Sign in to follow this  
miggs

multithreading approach

Recommended Posts

while reading some stuff about the boost::thread lib i found http://www.paulbridger.com that seems to be well known around programmers.

thanks to that article i came up with a few ideads/possible approaches for the engine a few friends and me are developing.

I wanted to ask some you guys here that are more experienced with multithreading in games about the solutions you came up with and if my ideas are going in the correct way.

i either want...
1)... my game components to contain a boost::thread as a member to execute their seperated update functions (for basic logic, physics, ai..) by themselfes
my fear is that this might create to much overhead

2)... have a threadpool like classes for ai/rendering/physics..., similar to the activeobjectproxy in paul bridger's example, and each game component adds function pointers to the appropriate threadpool. if possible then even the whole class
(i think i prefer this, if my assumption is correct: that all functions/classes in one threadpool can access each other without locking as they are in the same thread - but please correct me, i think i mix up some stuff)


3)...
i have a tree setup of gamecomponents (classes) that have functions for ai/phyics and more -
maybe i should run the a game loop multiple times for ai, physics, basic logic and others, that all have access to my root gamecomponent, and have alle the loops for physics/ai.. proccessing the belonging gamecomponents function and locking/unlocking the needed members?

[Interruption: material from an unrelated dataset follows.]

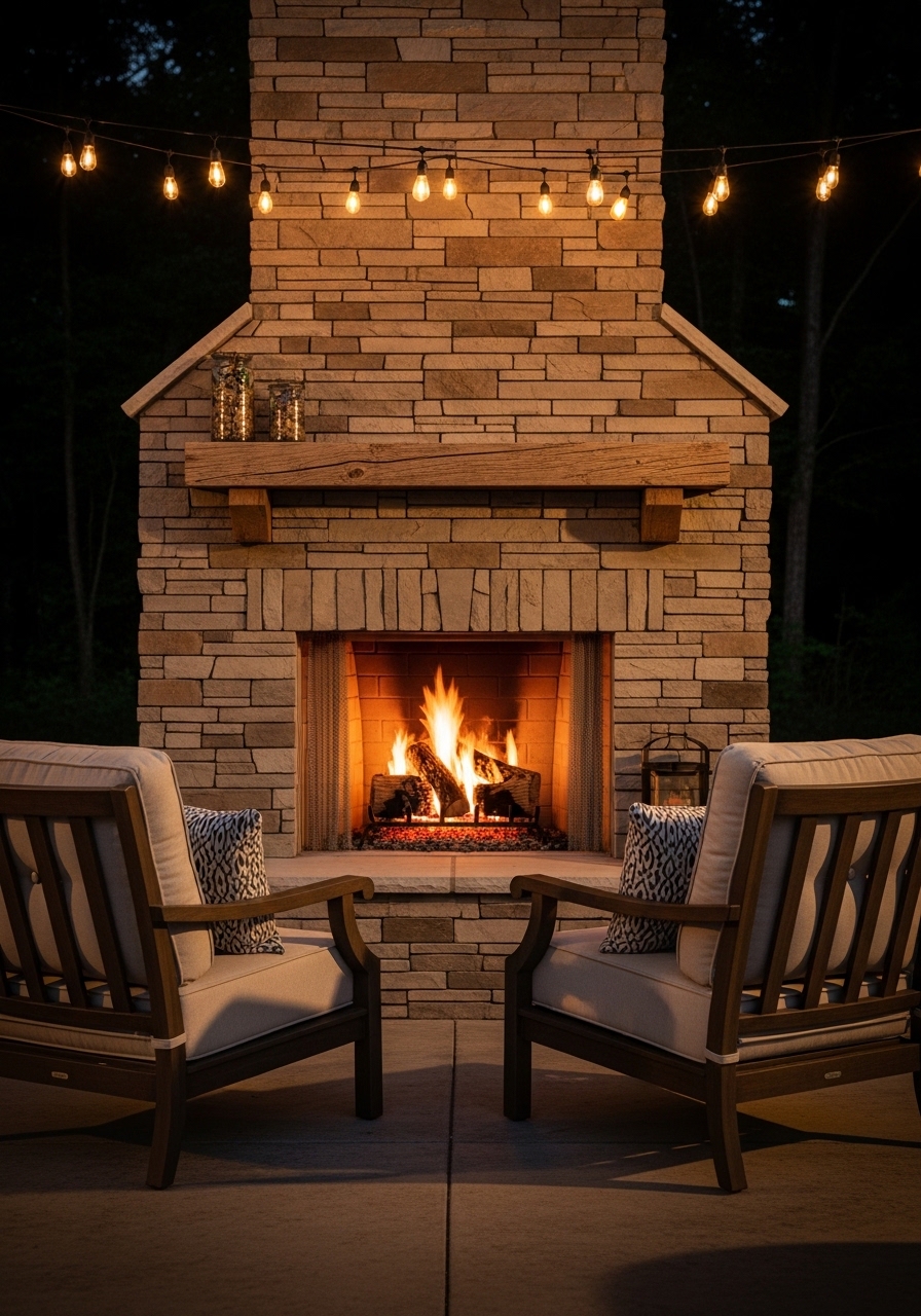 I added a faux stone veneer gas fireplace to create a focal point. It makes cool evenings feel like a mini living room. I sourced a portable gas fireplace and stone veneer panels for a DIY mantel look. Styling tip: keep seating in a semi-circle for conversation. Mistake: overlooking wind—position the fireplace where smoke won’t blow through seating.

i also have another question: if multiple threads access a class to only read variables while no other class is writing to that classes members, is that possible? or can only one thread at the time read?


thanks for your advice in advance

Share this post


Link to post
Share on other sites
Don't make too many threads as it is bad for performance. Don't create/destroy threads on the fly. Use a thread pool instead. Lock all access to shared data, but if you are having to lock something, rethink the problem.


Edit: I'm mostly rehashing stuff from THIS link.

The first step would be to put your big odd jobs into threads. Many APIs will do this for you. FMod sound is worked on in a thread. FFMpeg video would be decoded in a thread. Bullet physics has a multithreaded solver. Graphics could be run in a thread separate from the game logic. Something like boost::asio could be used to load files in another thread.

Then take all your other things and build up some dependency graphs. You'll end up with several stages of independence, like "object update", "animation", "physics" and "effect update". For each stage, throw everything at a thread pool, then wait for the results before moving onto the next stage.

As for dependencies within one stage, double buffering can help there. If all objects read their shared state from last frames buffer and write to this frames buffer then you don't have to lock anything. If objects have to communicate with one another, send messages with thread-safe queues, or group up objects into units that get updated together on one thread. For instance, damage would be sent through messages. Or each individual "flock" in a boids AI could update as a group to keep the flocking code simple (flocks would be limited in size, but you could have lots of individual flocks). Other times, even if everything is trivially parallel (like a particle system), you still should update in minimum sized batches. One thread job per particle will kill performance, one thread job per system would be better. (sure particles could be on the GPU for even more parallel stuff, but it is easier to do complex motion affectors and such on the cpu imho)

Multithreading things is a different mindset.

As to your last question. You have to lock on both the read side and the write side. You can have multiple readers and no writers without a lock. You can have a single writer without a lock. You need a lock for multiple writers. You always need a lock for any number of readers if there are any writers. Lock as much code as needed to be safe, but minimize the number of locks and the amount of code executed while a lock is active. Ie, lock->pop->unlock->process instead of lock->pop->process->unlock.

Share this post


Link to post
Share on other sites
thanks!

your reply and that link helped me a lot, but i'm also a litte confused right now.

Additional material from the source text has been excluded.